WHAT YOU SHOULD DO -
Once the line containing "フロントルームランプ用LED T10×31 日亜3030..." is found in the entries below, reproduce it and every line after it, stopping at and including the line containing "منقل شواء معدني"; reproduce nothing else, and keep each line exact.

RECORDS FOR THIS EXERCISE -
-.-.-

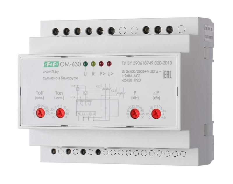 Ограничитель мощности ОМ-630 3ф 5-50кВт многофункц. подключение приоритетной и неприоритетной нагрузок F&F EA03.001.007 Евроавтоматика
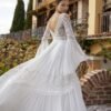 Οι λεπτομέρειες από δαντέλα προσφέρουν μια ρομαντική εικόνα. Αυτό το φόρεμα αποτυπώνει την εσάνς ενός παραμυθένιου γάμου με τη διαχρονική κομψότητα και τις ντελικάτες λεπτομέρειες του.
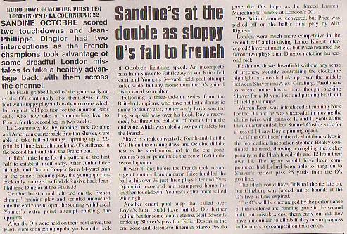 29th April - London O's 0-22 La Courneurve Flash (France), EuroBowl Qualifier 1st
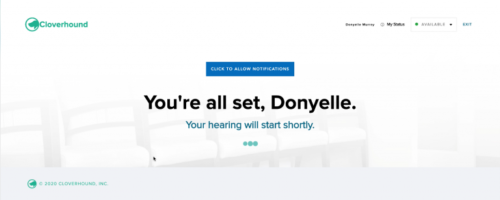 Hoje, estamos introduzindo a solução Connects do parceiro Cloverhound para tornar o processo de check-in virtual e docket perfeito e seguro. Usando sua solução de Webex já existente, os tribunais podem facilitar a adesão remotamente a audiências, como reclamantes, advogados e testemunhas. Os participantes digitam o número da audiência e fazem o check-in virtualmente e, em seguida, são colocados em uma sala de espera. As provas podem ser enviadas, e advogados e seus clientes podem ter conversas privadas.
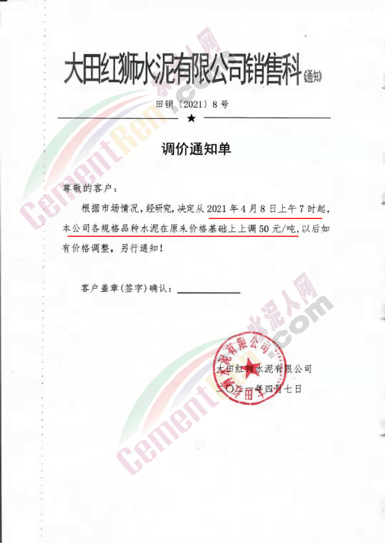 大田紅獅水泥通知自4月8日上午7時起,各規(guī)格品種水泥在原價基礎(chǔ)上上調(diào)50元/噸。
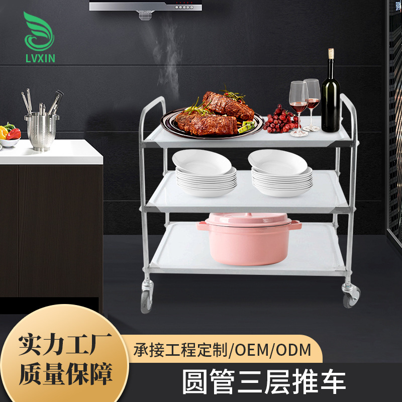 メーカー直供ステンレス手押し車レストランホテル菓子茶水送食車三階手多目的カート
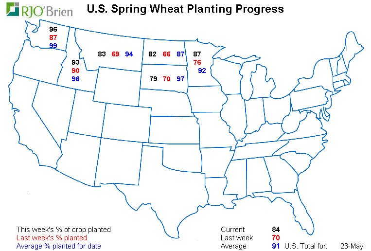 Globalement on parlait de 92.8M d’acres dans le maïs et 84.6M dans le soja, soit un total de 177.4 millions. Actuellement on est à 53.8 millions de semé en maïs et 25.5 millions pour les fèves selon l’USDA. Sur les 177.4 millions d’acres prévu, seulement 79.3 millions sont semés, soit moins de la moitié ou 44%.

-.-.-

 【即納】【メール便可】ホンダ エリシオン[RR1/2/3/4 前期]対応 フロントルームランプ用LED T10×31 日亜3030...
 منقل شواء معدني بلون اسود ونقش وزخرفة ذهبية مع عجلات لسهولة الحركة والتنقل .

-.-.-

OUTPUT OF THE EXERCISE -
 【即納】【メール便可】ホンダ エリシオン[RR1/2/3/4 前期]対応 フロントルームランプ用LED T10×31 日亜3030...
 منقل شواء معدني بلون اسود ونقش وزخرفة ذهبية مع عجلات لسهولة الحركة والتنقل .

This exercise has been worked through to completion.